How do you qualify for an SBA 504 loan?
An SBA 504 loan finances major fixed assets — commercial real estate, heavy equipment, or large machinery — through a structure that pairs a Certified Development Company (CDC) with a private lender. To qualify, your business must be for-profit, operate in the U.S., have a tangible net worth under $20 million, and have average net income below $6.5 million after taxes for the prior two years. You also need to demonstrate that the project creates or retains jobs, or meets a community development goal. Start your 504 application through ClearValue Lending to get matched with the right lender for your project.
The SBA 504 loan program is designed for long-term fixed asset financing — owner-occupied commercial real estate, manufacturing equipment, and similar capital investments. It's structured as two loans: a first-position mortgage from a private lender (typically 50% of the project), and a second-position debenture from a CDC (up to 40%), with the borrower putting in at least 10%. Full program rules are published on SBA.gov's 504 loan page.
Eligibility requirements
- For-profit business operating in the United States.

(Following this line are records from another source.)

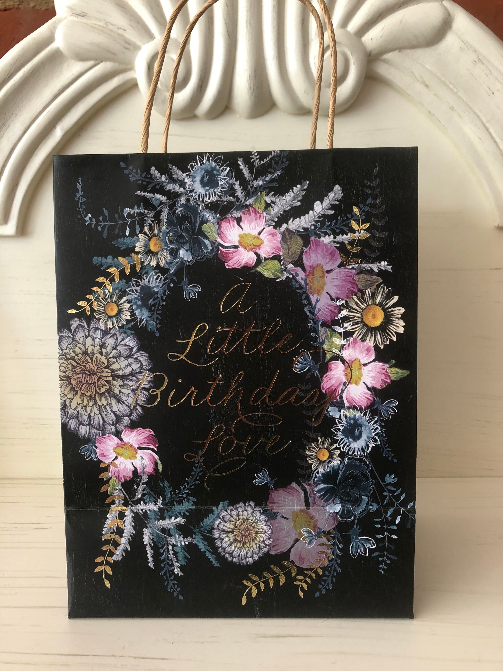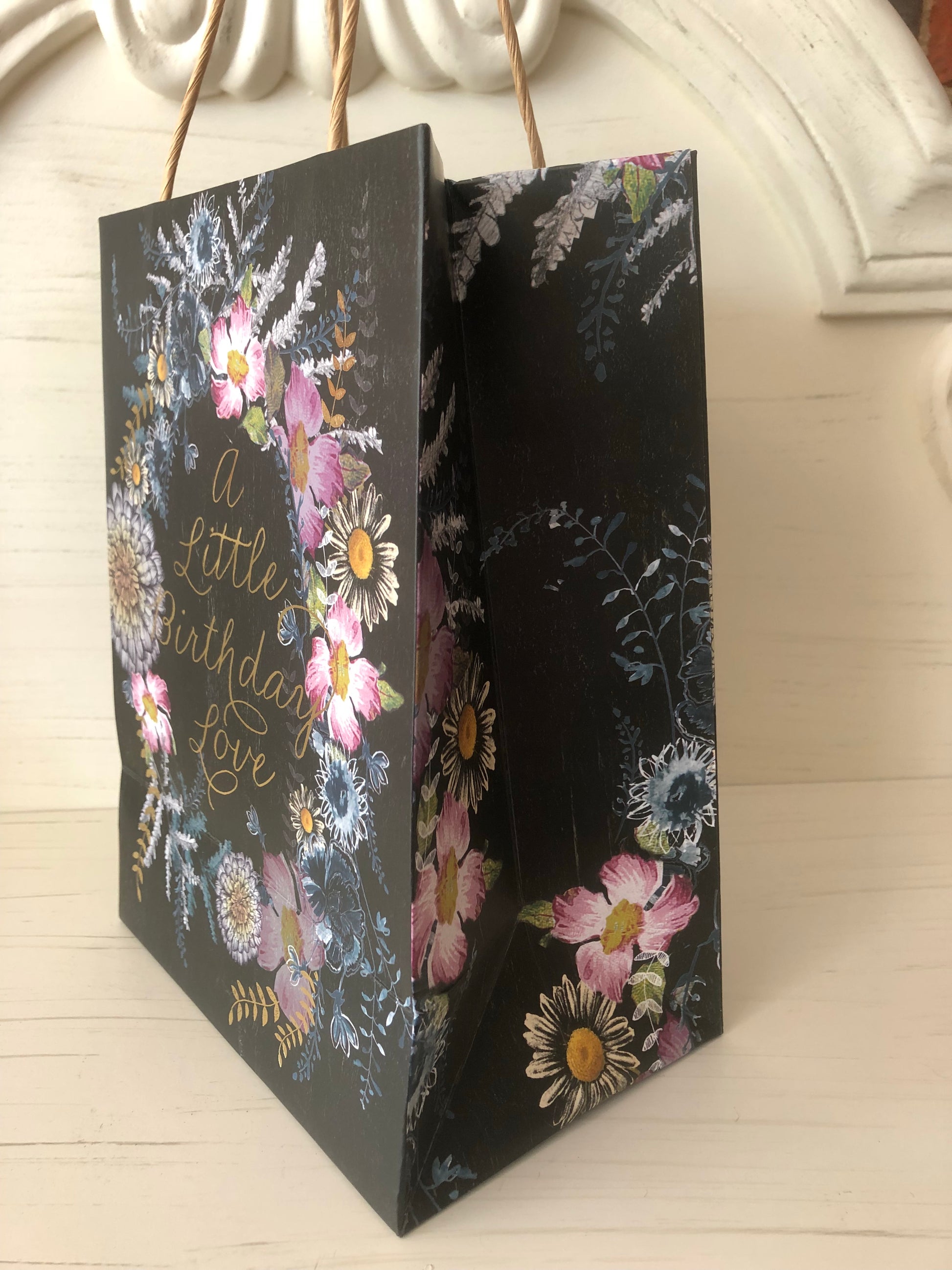 A bag as pretty as the gift! Measures 10” x 7.75” x 4.75“. Sturdy paper, luscious artwork.
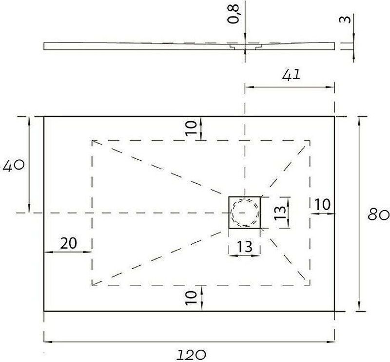 - Размеры (ШхДхВ): 120х80х3 см Глубина поддона: 0,8 см
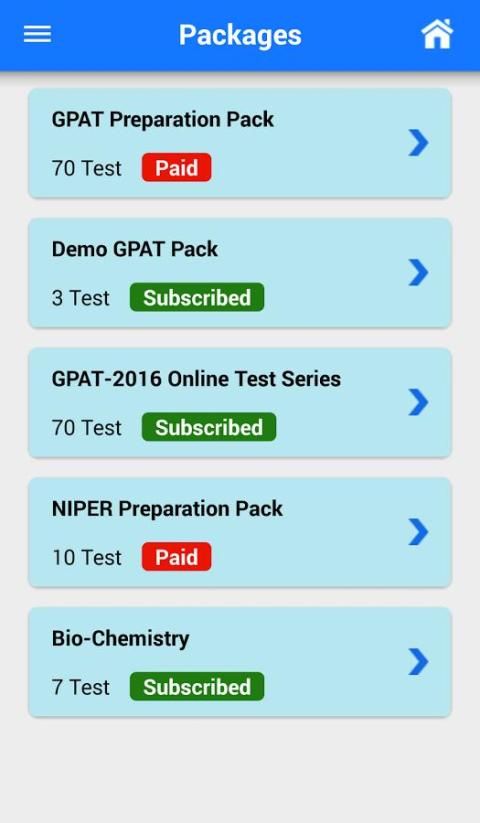 Berbagai paket seperti GPAT Persiapan Pack (di mana kita memberikan materi lengkap untuk GPAT & gpat tes seri mock online, Graduate Farmasi Aptitude Test ujian secara online pack, NIPER JEE Persiapan Tes Pack, Obat Inspektur Persiapan Pack tersedia untuk berlangganan.

- Tangible net worth under $20 million (check the current SBA figure — it is subject to regulatory update).
- Average net income after federal taxes under $6.5 million for the two years before application (also subject to update — verify at SBA.gov).
- The financed assets must be used primarily by the business (owner-occupied for real estate).
- The project must meet a public policy goal: job creation or retention is the most common, but energy efficiency, rural development, and veteran-owned business goals also qualify.
- The business must have management experience relevant to the project and a reasonable prospect of repayment.
What the 504 covers — and what it doesn't
- Covered: purchase of owner-occupied commercial real estate; construction or renovation of facilities; purchase of long-life machinery and equipment (useful life 10+ years).
- Not covered: working capital, inventory, debt refinancing (with limited exceptions), or investment real estate.
- Soft costs like title, appraisal, and environmental assessments may be included in the project up to a limit — confirm with your CDC.
- Maximum CDC debenture is $5.5 million for standard projects and up to $5.5 million per qualifying energy or manufacturing goal.
SBA 504 program figures
- The SBA 504 program has historically been one of the largest SBA loan programs by total dollars approved — the SBA publishes year-to-date approval data on its website by loan type and state. — SBA — 504 Loan Program Summary
- CDC debentures issued under the 504 program are sold to investors in pools through the SBA — this pooling structure is what keeps 504 rates competitive relative to conventional commercial real estate loans. — SBA — How 504 Loan Debentures Work
- SBA regulations set the net worth and income caps for 504 eligibility in 13 CFR Part 120 — the operative figures are verified at SBA.gov and can change with rulemaking. — SBA — 504 Loan Eligibility (13 CFR Part 120)
Key takeaways
- 504 loans are for fixed assets only — real estate, heavy equipment, major improvements — not working capital.
- The 50/40/10 structure means your down payment can be as low as 10%, which is lower than most conventional commercial loans.
- Net worth under $20 million and average net income under $6.5 million after taxes are the two primary size gates — verify current figures at SBA.gov.
- A CDC, not your bank, originates the SBA portion; a platform that knows both sides of the deal simplifies the application.
- Job creation or retention is the most common public policy goal — document it early because CDCs require it.